──────── DATA BLOCK ────────
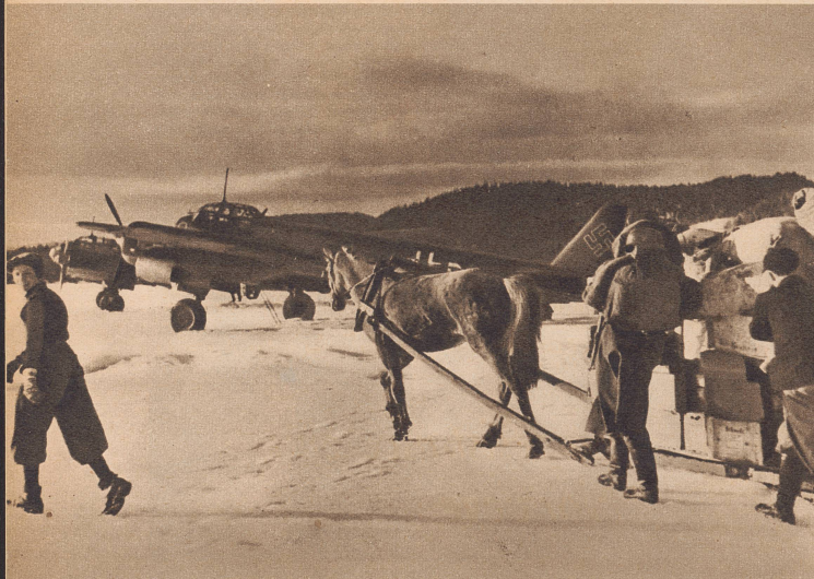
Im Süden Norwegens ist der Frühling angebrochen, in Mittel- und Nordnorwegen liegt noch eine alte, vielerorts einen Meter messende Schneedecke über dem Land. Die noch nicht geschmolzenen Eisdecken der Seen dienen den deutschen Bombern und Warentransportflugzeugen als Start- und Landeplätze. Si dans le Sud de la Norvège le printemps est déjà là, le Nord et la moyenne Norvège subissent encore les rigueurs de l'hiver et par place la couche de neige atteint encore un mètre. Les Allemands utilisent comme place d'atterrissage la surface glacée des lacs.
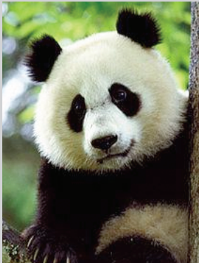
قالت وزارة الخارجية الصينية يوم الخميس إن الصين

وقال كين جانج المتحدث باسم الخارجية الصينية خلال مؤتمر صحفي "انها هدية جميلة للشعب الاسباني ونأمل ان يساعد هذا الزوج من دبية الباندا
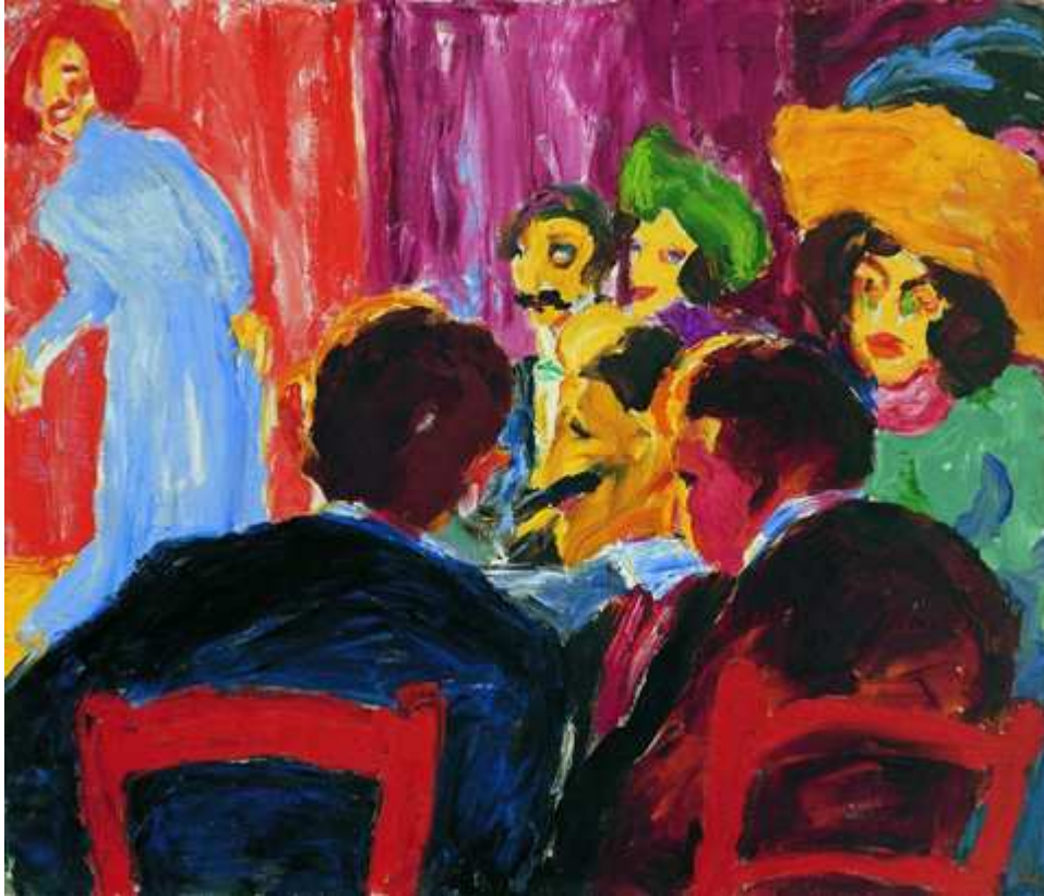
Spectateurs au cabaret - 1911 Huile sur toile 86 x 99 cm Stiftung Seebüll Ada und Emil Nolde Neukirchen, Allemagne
────────
**TASK ITEM:** Reproduce the material in its entirety and word for word, without the pictures.

**TASK ANSWER:**
Im Süden Norwegens ist der Frühling angebrochen, in Mittel- und Nordnorwegen liegt noch eine alte, vielerorts einen Meter messende Schneedecke über dem Land. Die noch nicht geschmolzenen Eisdecken der Seen dienen den deutschen Bombern und Warentransportflugzeugen als Start- und Landeplätze. Si dans le Sud de la Norvège le printemps est déjà là, le Nord et la moyenne Norvège subissent encore les rigueurs de l'hiver et par place la couche de neige atteint encore un mètre. Les Allemands utilisent comme place d'atterrissage la surface glacée des lacs.
قالت وزارة الخارجية الصينية يوم الخميس إن الصين

وقال كين جانج المتحدث باسم الخارجية الصينية خلال مؤتمر صحفي "انها هدية جميلة للشعب الاسباني ونأمل ان يساعد هذا الزوج من دبية الباندا
Spectateurs au cabaret - 1911 Huile sur toile 86 x 99 cm Stiftung Seebüll Ada und Emil Nolde Neukirchen, Allemagne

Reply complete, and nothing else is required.